IN THE HIGH COURT OF KIRIBATI 2019


CIVIL REVIEW NO. 20 OF 2018


[AREBONTO KATANGITANG FOR
[ISSUES OF RARATU AND BEIA AKAU APPLICANTS
[
BETWEEN [AND
[
[UTIMWAAWA (TIAAM) TIMON RESPONDENT


Before: The Hon Chief Justice Sir John Muria


27 September 2019


Ms Taaira Timeon for Applicants
Mr Raweita Beniata for Respondent


JUDGMENT


Muria, CJ: The applicants are seeking extension of time to apply for leave to issue certiorari proceedings in this case. The decision that the applicants are seeking to impugn was the decision made by the Magistrates’ Court in Case
TN 14/87.


Brief background


2. The case TN 14/87 was a dispute over the lands Terereua and Teitimeata in Tabiteuea Meang (TabNorth). The TabNorth Magistrates’ Court dealt with the case and decided on 12 February 1987 that the lands Terereua and Teitimeata be transferred to Utimawa (Tiam) Timon.


3. The parties to TN 14/87 were Nei Tiuea Teririe (plaintiff) and
Berekita Akata, Tiam, Tiuea Tima (defendants). At the hearing before the Magistrates’ Court, the family of Baikita and Akata opposed the plaintiff’s decision to transfer the lands to Tiam.


The applicants


4. The applicants were not a party to the case in TN 14/87. However, they said that they are interested party to the case. They now seek to challenge the decision of the Court made on 12 February 1987.

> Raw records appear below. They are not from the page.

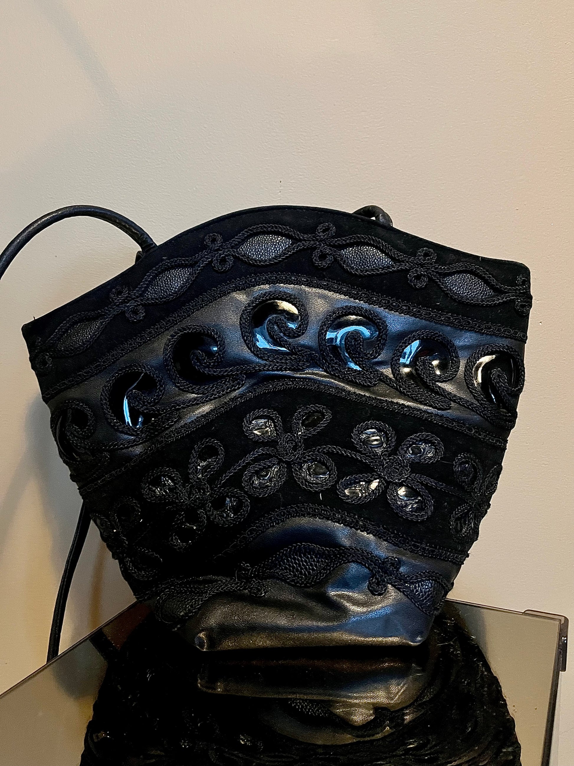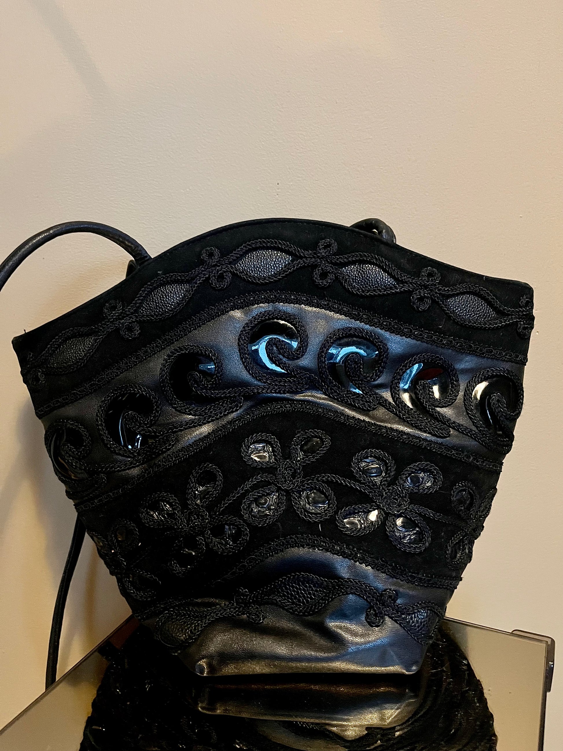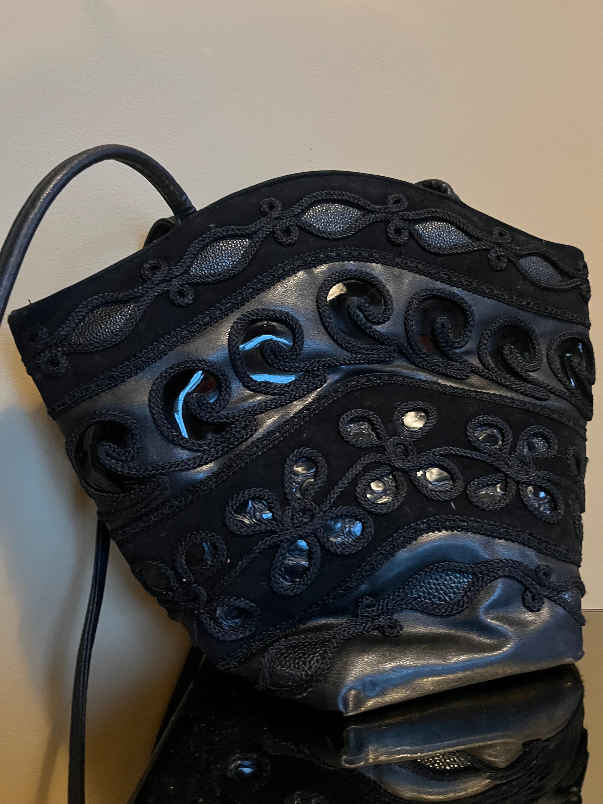 Supersnygg handväska i svart skinn med fina detaljer på framsidan. Stängs med tryckknapp, xx fack.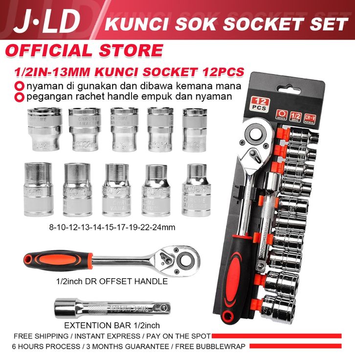 KUNCI SET SOCKET JLD 1/2IN CR-V 12PCS MULTIFUNGSI KUNCI 1 SET LENGKAP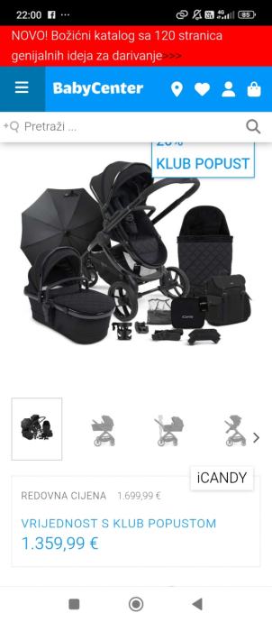 Inovativna iCandy zimska vreća koja jednostavnim otkopčavanjm postaje obloga sjedišta, prati stil i dizajn materijala iCandy Cerium kolica. Dolazi u paketu s kolicima te spašava roditelje od dodatne kupnje mnogobrojnih dodataka.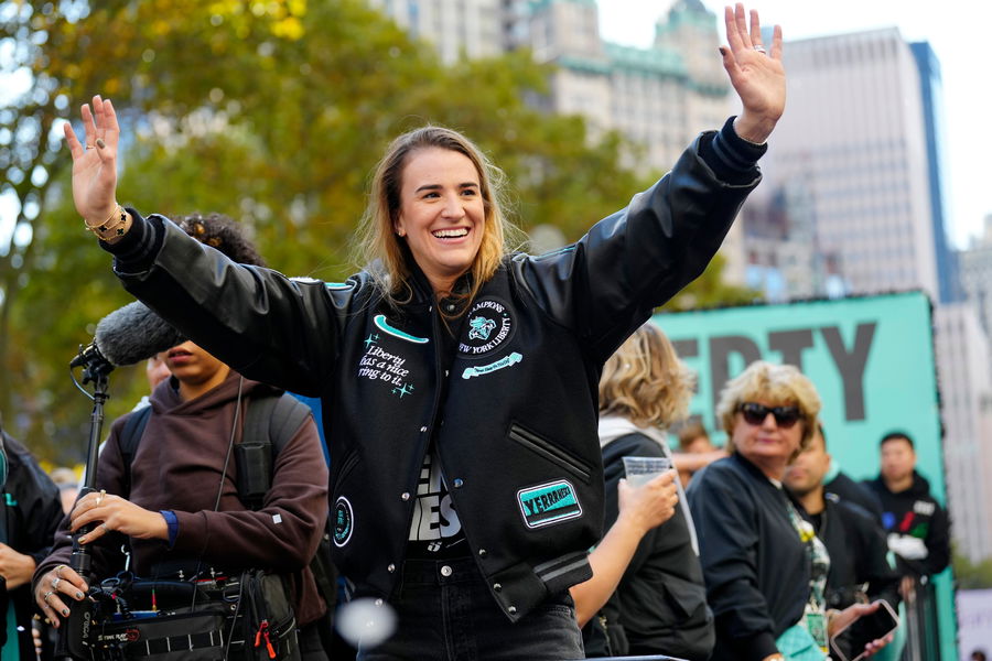 Sabrina Ionescu, of the New York Liberty acknowledges the fans, Thursday, October 24, 2024, in Manhattan.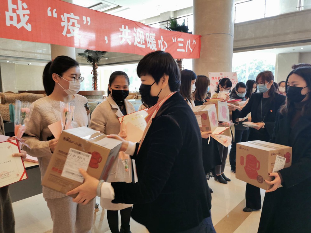 隨后總裁兼CEO孫亦農先生、首席財務官裴紅蘭女士、首席營銷官紀偉如女士、內審中心副總、銀鷺食品黨支部書記林麗霜女士為獲得一等獎的職工們送上鮮花、禮品。儀式簡單而溫馨,雖然大家都戴著口罩,但口罩擋不住她們的美麗,面對疫情,我們云擁抱、云互動,祝福是遠程的,心卻是如此貼近,這個3.8節過得比往年更有意義。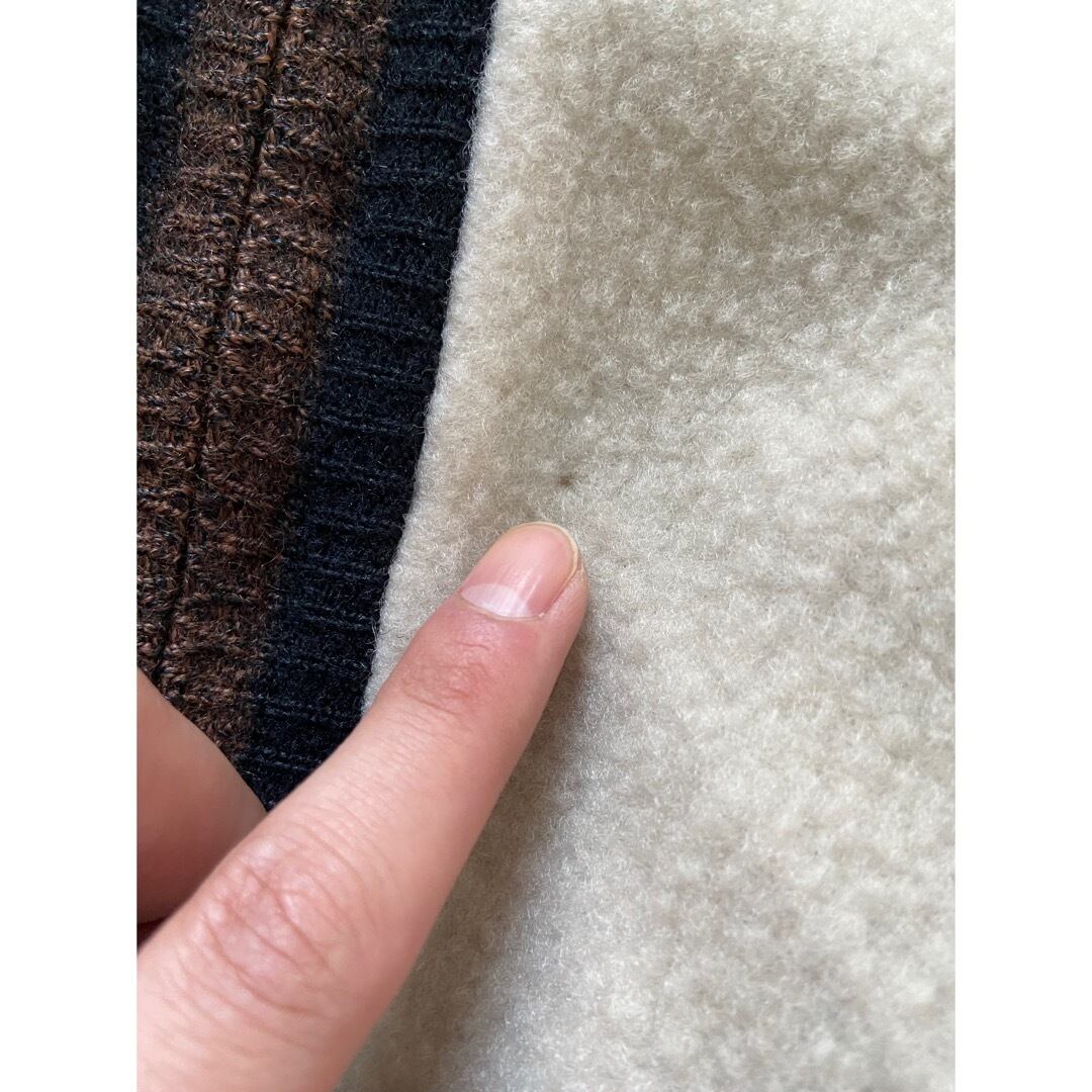 茶色面 右アームにほぼ目立たない程度の水シミの様な物二つ 右アーム脇内側に糸つれ お腹に極小の点シミ

5. There is no suggestion that the plaintiff and the defendant in case
TN 14/87 knew that other persons such as the present applicants were also interested party in TN 14/87 and that they ought to have been notified of that case. In any case, for more than 30 years there has been no challenge to the Court’s decision either by the defendants in that case or by any interested persons until the applicants have brought the present proceedings.


Determination


6. The grant of an extension of time is always in the discretion of the Court to be exercised judiciously. The authority in Kiribati. The basis for the exercise of such discretion is set out in Batee –v- Trustee of Jehova’s Witness Church [2006] KICA 17 where the Court states as follows:


“As those and other authorities make clear, leave will not normally be granted unless the applicant shows (i) an acceptable explanation for the delay, and (ii) that in all the circumstances it would be fair and equitable to extend time. Significant questions in approaching the exercise of the discretion will be the magnitude of the delay, the reasons for it, any prejudice suffered in consequence, and the strength of the appellant’s case. In the end, however, there is an overriding requirement to do what is just”.

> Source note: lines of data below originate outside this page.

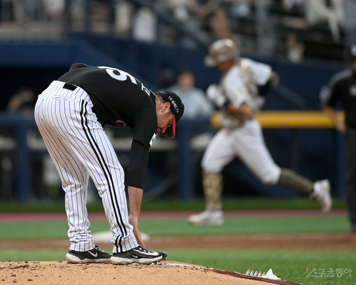 7일 서울 고척스카이돔에서 ‘2023 신한은행 SOL KBO리그’ LG 트윈스와 키움 히어로즈 경기가 열렸다. LG 선발 플럿코가 3회말 1사 키움 이정후에게 역전 우월 솔로 홈런을 허용하고 있다.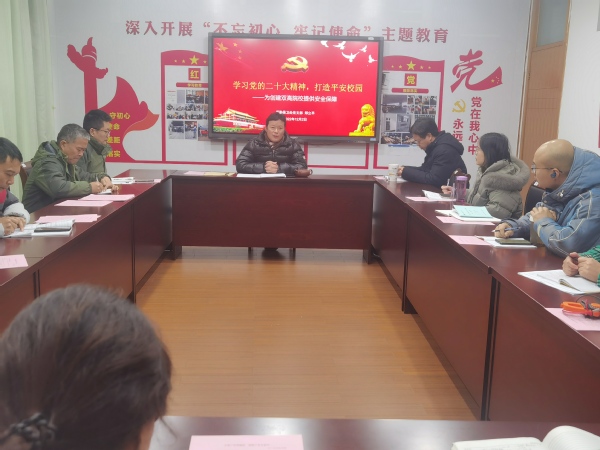 12月2日下午,后勤保卫处党支部召开全体党员(扩大)会议,支部书记郑立平以《学习党的二十大精神,打造平安校园》为题给全体党员带来一堂学习贯彻党的二十大精神专题党课。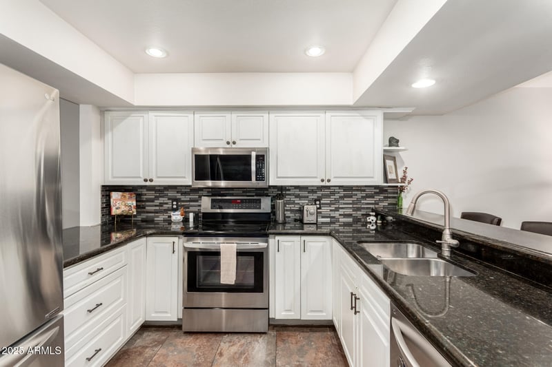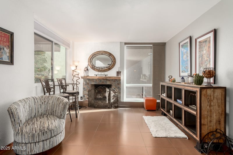Listing details for 7401 Scottsdale Rd #37, Paradise Valley, AZ 85253 : Prepare to be amazed by this absolute beauty & attention to detail this townhome showcases! Meticulously designed interior promotes a modern feel, featuring wood-look tile flooring, neutral paint, & tons of natural light. Large living room enhanced by a cozy fireplace is perfect for chilly evenings. Sliding glass doors in the family room create a seamless indoor-outdoor flow. The eat-kitchen offers stainless steel appliances, ample cabinets, mosaic tile backsplash, recessed lighting, granite counters, & a breakfast bar. Head upstairs to find the sizable primary bedroom w/plush carpet, balcony access, an ensuite w/dual sinks, & a walk-in closet. Don't miss the stacked washer & dryer. Spend quiet mornings on the balcony or unwind under the covered patio. A rare deal like this won't last!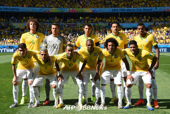 [OSEN=사진팀]29일(한국시각) 브라질 벨루오리존치에 위치한 에스타디오 미네이랑에서 열린 2014 브라질월드컵 16강전 첫 경기 브라질과 칠레의 경기전 브라질 대표팀이 포즈를 취하고 있다

7. There can be no question that the delay of 31 years in this case is substantial. The applicants will have to satisfy the Court that despite the substantial delay of more than 30 years, there is good and acceptable reason to justify a grant of extension of time.


8. The reason offered for the delay is that the applicants were not aware of the case TN 14/87 and that they only found out in 2013 when a dispute arose between them and the respondents (see paragraph 11 of the affidavit of
Bwaketi Arebonto sworn to on 14 December 2018). However, even if after they learnt of the case TN 14/87 in 2013, the applicants took another five years to file the present case. That does not add to any better explanation for the delay. It is in fact the opposite.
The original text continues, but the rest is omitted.